Read The Four Million Page 13


  But I beg you to observe Mrs. James Williams—Hattie Chalmers that was—once the belle of Cloverdale. Pale-blue is the bride’s, if she will; and this colour she had honoured. Willingly had the moss rosebud loaned to her cheeks of its pink—and as for the violet!—her eyes will do very well as they are, thank you. A useless strip of white chaf—oh, no, he was guiding the auto car—of white chiffon—or perhaps it was grenadine or tulle—was tied beneath her chin, pretending to hold her bonnet in place. But you know as well as I do that the hatpins did the work.

  And on Mrs. James Williams’s face was recorded a little library of the world’s best thoughts in three volumes. Volume No. 1 contained the belief that James Williams was about the right sort of thing. Volume No. 2 was an essay on the world, declaring it to be a very excellent place. Volume No. 3 disclosed the belief that in occupying the highest seat in a Rubberneck auto they were travelling the pace that passes all understanding.

  James Williams, you would have guessed, was about twenty-four. It will gratify you to know that your estimate was so accurate. He was exactly twenty-three years, eleven months and twenty-nine days old. He was well built, active, strong-jawed, good-natured and rising. He was on his wedding trip.

  Dear kind fairy, please cut out those orders for money and 40 H. P. touring cars and fame and a new growth of hair and the presidency of the boat club.
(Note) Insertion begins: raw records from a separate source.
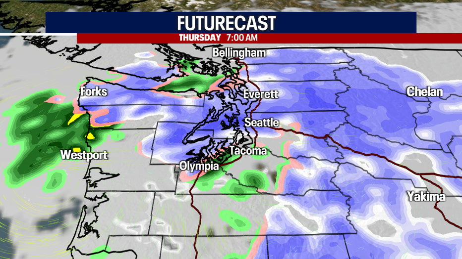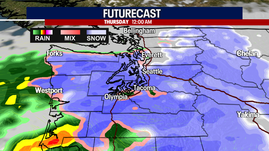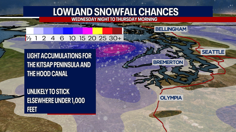 Based on the data right now, it seems most likely that the western side of the Kistap Peninsula, the Hood Canal and Mason County have the best potential for light snow accumulations Thursday morning. It'll be much less likely for snow to stick elsewhere. In order for snow to accumulate in a more widespread fashion, the cold air would need to be much stronger and long-lasting than what most of the forecast models are predicting right now.
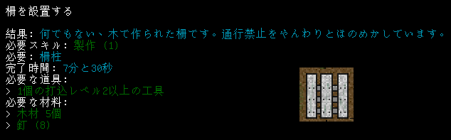 柵柱の設置はほどほどにしておこう。並べすぎると『柵門』を設置する場所が計算できなくなる。柵柱ばかり作ってもつまらないから白い柵を設置するね。
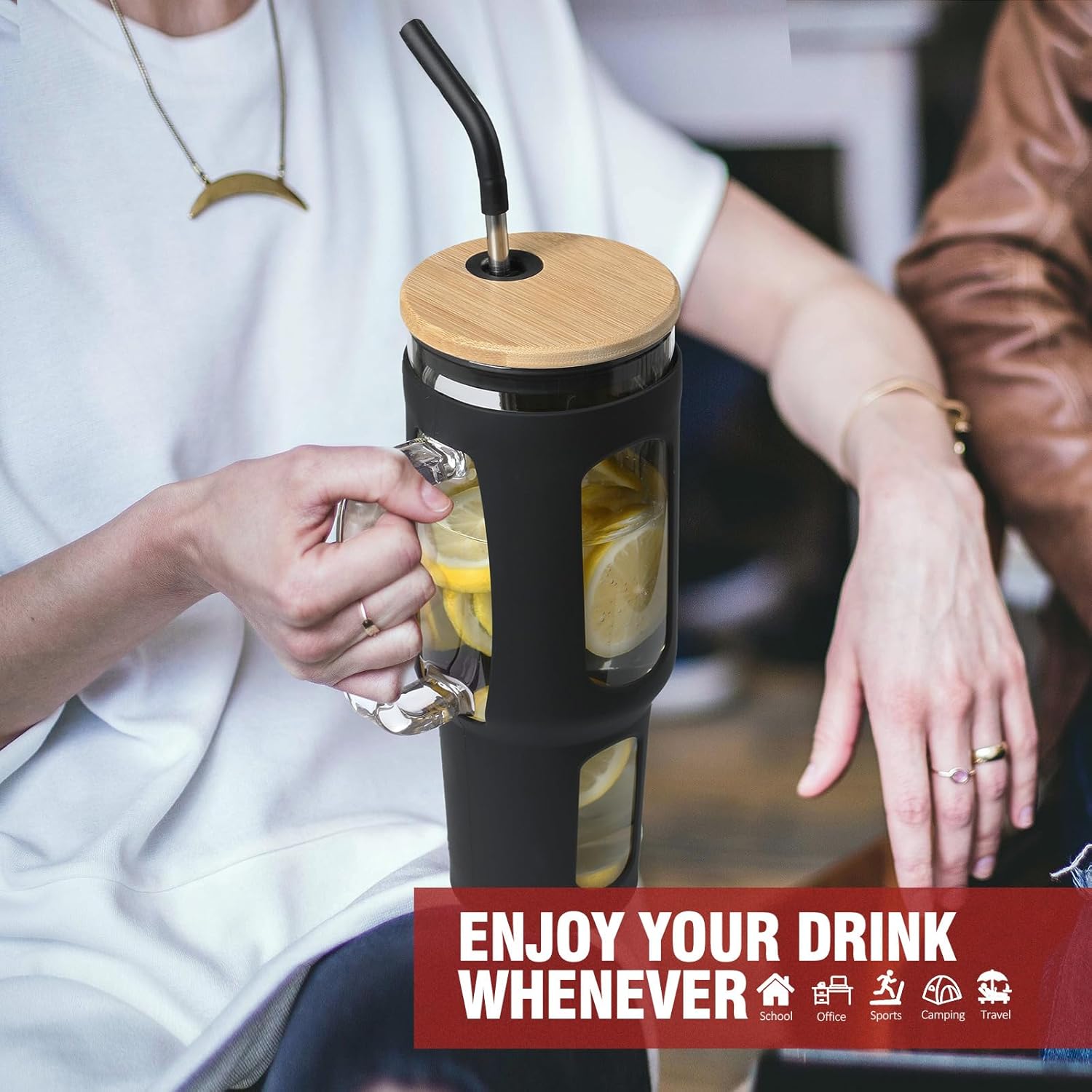 Glass Tumbler with Lid and Straw, 46 oz Iced Coffee Cup with Handle, Large Water Bottles with Silicone Sleeve, Glass Cup with Straws - Pearl Straw & Drinking Straw BPA Free-Black
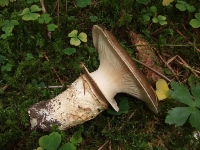 - Catatelasma real (champiñón imperial). Este hongo se diferencia del ryadovka rudkovidny en tamaños más significativos, platino adherente descendente, que se vuelve gris en la edad adulta. La pata del champiñón imperial puede alcanzar una longitud de 18 cm, mientras que la mayor parte (y a veces toda) está en el suelo. También se observa la presencia de un anillo doble.
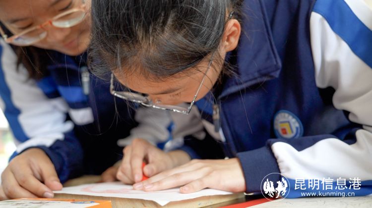 “昆明非遺”技藝活態(tài)展示區(qū)氣氛活躍,300多名學(xué)生有序參觀、體驗(yàn)。剪紙代表性傳承人段云麗老師、傳拓代表性傳承人張衡老師、安寧扎染代表性傳承人楊成老師、唐菓子制作技藝代表性傳承人阮智敏老師在現(xiàn)場為師生進(jìn)行技藝活態(tài)展示及互動(dòng),同學(xué)們表現(xiàn)出濃厚的興趣。

Instead of any of them turn backward—oh, turn backward and give us just a teeny-weeny bit of our wedding trip over again. Just an hour, dear fairy, so we can remember how the grass and poplar trees looked, and the bow of those bonnet strings tied beneath her chin—even if it was the hatpins that did the work. Can’t do it? Very well; hurry up with that touring car and the oil stock, then.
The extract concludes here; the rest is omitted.